Below are the training curves for the four models evaluated on the PatchCamelyon dataset. The small generalization gap demonstrates that by using augmentation and choosing networks that are relatively small we have been able to successfully combat overfitting in all cases while achieving an accuracy at the level of 95% for all models.
An underfit model has noisy values or low accuracy from training data, indicating it was unable to learn. An overfit model hast learnt the training dataset too well and has become “specialized” on training data. It will be unable to generalize to new data. Generalization error can be estimated from performance on the validation dataset. It occurs if the model too much capacity for the problem or is trained too long. The accuracy of an overfit model will usually be higher on the training data than the validation data. The gap is referred to as the “generalization gap.”
Receiver Operating Chracteristic
The ROC curve is a plot of True Positive Rate against False Positive Rate for a binary classifier at various class probability thresholds (these allow the operator to trade-off concerns in the errors made by the model). The area under the curve (AUC) is the probability that a classifier will rank a randomly chosen positive instance higher than a randomly chosen negative one. A perfect classifier yields an AUC of 1 which means we would classify all positive samples correctly with no false positives.
The ROC curve for the selected models is shown above. It demonstrates that a high diagnostic ability of all classifiers. The MobileNetV2 model is the best performer able to achieve 0.97 AUC.
The True Positive Rate describes how good the model is at predicting the positive class when the actual outcome is positive.

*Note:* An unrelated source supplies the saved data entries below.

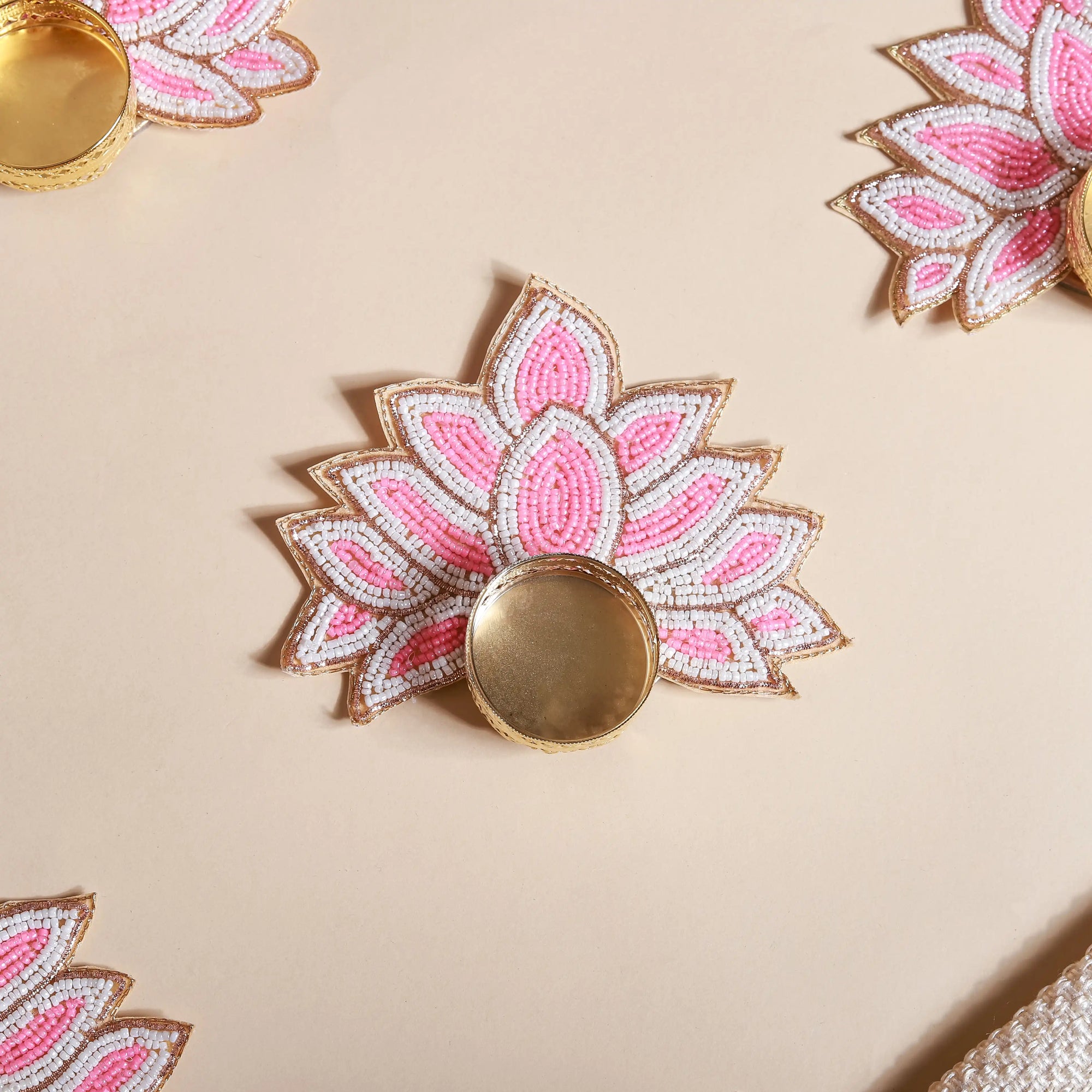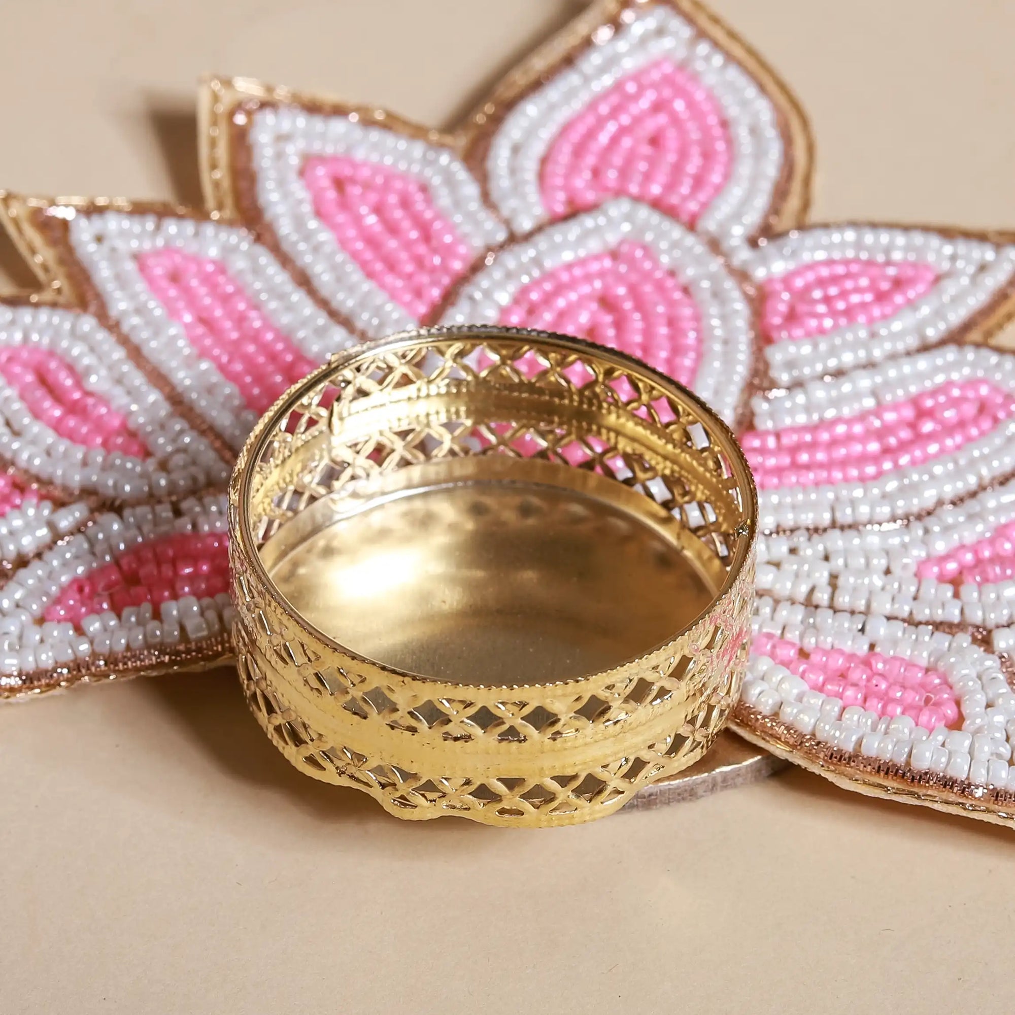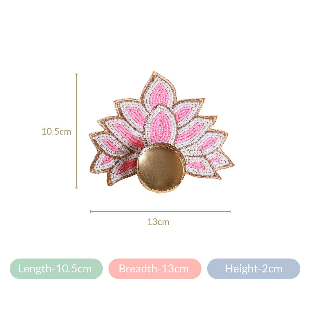 These tealight holders enhance the ambience of Diwali decorations and Pooja celebrations by infusing spaces with a serene and opulent atmosphere. The lotus-inspired design and vibrant beadwork bring an element of tradition and elegance to these occasions. When the tealight candles are lit within the holders, they cast intricate patterns of light and shadow, creating a visually stunning and spiritually uplifting environment that complements the festive and sacred nature of Diwali and Pooja celebrations.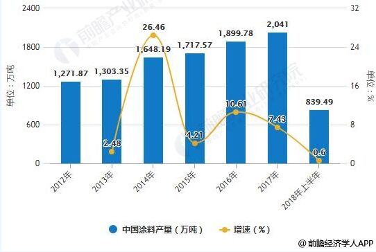 涂料行業總體產量呈持續上升態勢 近年來,由于供給側改革、營改增的推進,涂料行業經歷了史上最嚴重的洗牌;環保政策趨嚴更是使得大部分中小企業舉步維艱,各地陸續出現涂料企業停產、倒閉現象。然而,在中小企業的數量與產能都在減少的同時,大中型企業卻供不應求,各大外資企業相繼在全國各地擴建投產或選擇OEM代工;市場競爭開始轉向良性發展,從而使得行業總體產量呈持續上升態勢。 2018年上半年中國涂料行業發展外部環境分析 2018年上半年國內生產總值418961億元,按可比價格計算同比增長6.8%。分產業看,第一產業增加值22087億元,同比增長3.2%;第二產業增加值169299億元,增長6.1%;第三產業增加值227576億元,增長7.6%。 2018年1-6月份,全國規模以上工業企業實現主營業務收入52.1萬億元,同比增長9.9%;發生主營業務成本44萬億元,增長9.5%;主營業務收入利潤率為6.51%,同比提高0.41個百分點。規模以上工業企業實現利潤總額33882.1億元,同比增長17.2%。 涂料產量首次突破2000萬噸 據前瞻產業研究院發布的《涂料行業市場需求預測與投資戰略規劃分析報告》統計數據顯示,2017年中國涂料產量達到2041萬噸,首次突破2000萬噸大關。值得注意的是,中國涂料產量增速正逐漸放緩。截止到2018年上半年全國規模以上企業涂料產量累計839.49萬噸,同比增長了0.6%。1-6月累計產量排在前3位省市的分別是:廣東176.47萬噸,同比降低4.9%。上海98.44萬噸,同比降低12.1%。江蘇97.27萬噸,同比降低2.0%。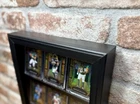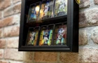 Display your trading card collectibles in this sleek black wooden case. The case will hold 9 cards of your choosing. The case is lockable to protect you valuable cards while displaying them. Inside of the case there is 3 shelves that hold 3 cards on each. NOTE: Cards inside case are not included with purchase. For display purposes only. ALSO, graded cards would not fit in this case.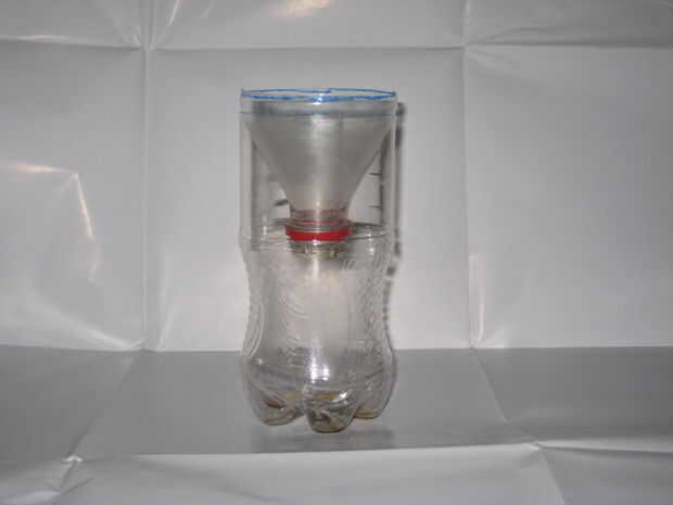 Después de cortar la botella y tiene dos partes. Entonces puede toma la parte superior de la botella (consumo final) y ponerlo boca abajo en la parte inferior. Una vez hecho esto usted luego cinta adhesiva para unir las dos partes sin cinta adhesiva sobre la parte superior de la botella.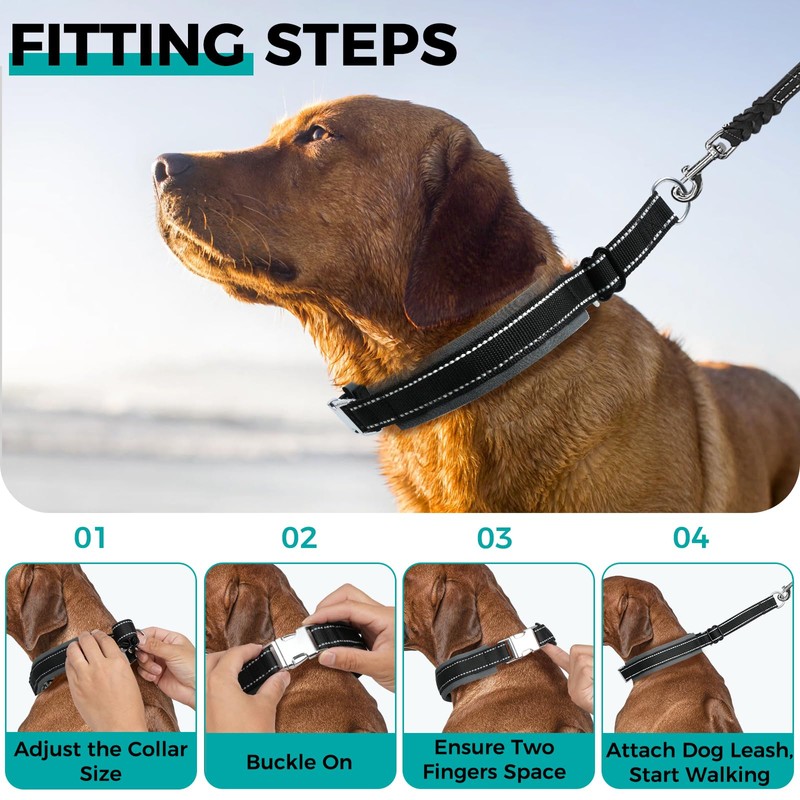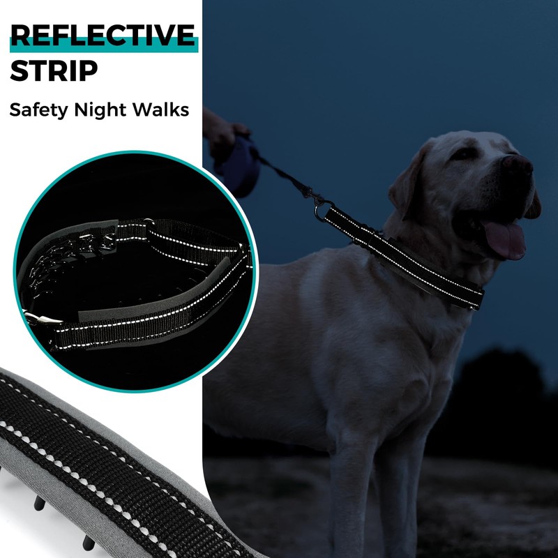 Reflective Safety & Heavy-Duty Durability‌: Integrated with 360° reflective strips for nighttime visibility and built with military-grade nylon reinforced by stainless steel chains, this collar withstands extreme pulling force while protecting your dog’s neck from abrasions‌ ‌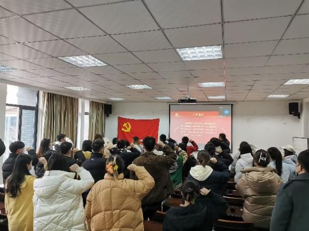 之后,周宁带领全体参会人员进行入党宣誓,举起的右手是各位党员同志肩负起的重担,口中的誓词是各位党员同志决心的见证,坚定的眼神是各位党员同志忠诚的彰显,誓词的每一个字都刻在了各位党员同志的心里。宣誓后,王雨欣同志代表新发展的中共预备党员发表宣誓感言,她表示,此次入党宣誓是十分具有仪式感及使命感的环节,入党宣誓是一名党员政治生命开始的象征,体现了一个共产党人为实现人生最高价值所做出的无悔选择,要永远记住这个神圣的时刻,永远记住已向党和人民许下的郑重承诺,把入党誓词作为自己终身的追求、终身的修养和终身的实践。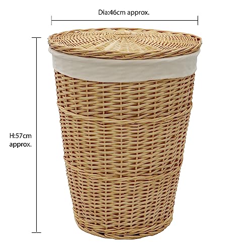 JVL Hand Woven Acacia Round Laundry Willow Basket with Lid, Honey Finish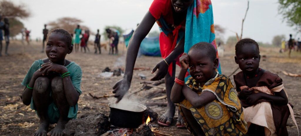 | Une femme prépare un repas avec ses trois enfants à Thanyang, au Soudan du Sud. |

True Positive Rate = True Positives / (True Positives + False Negatives)
The False Positive Rate summarizes how often a positive class is predicted when the actual outcome is negative.
False Positive Rate = False Positives / (False Positives + True Negatives)
The ROC curve allows different models to be compared directly and area under the curve (AUC) gives a summary of the skill of each model. Skilful models are represented by curves that bend up into the top left corner. A model with no skill is represented by a diagonal line from the bottom left of the plot to the top right.
Analysis
These results represent a very healthy baseline. Verifiable results on Kaggle can achieve an AUC of 0.99 indcating that some improvement is possible. That we are so close to the best result is not suprising since three of the models are the result of world class research and chosen specifically because they are well suited to small datasets. Especially true of MobileNetV2 which is intended for deployment on mobile phones.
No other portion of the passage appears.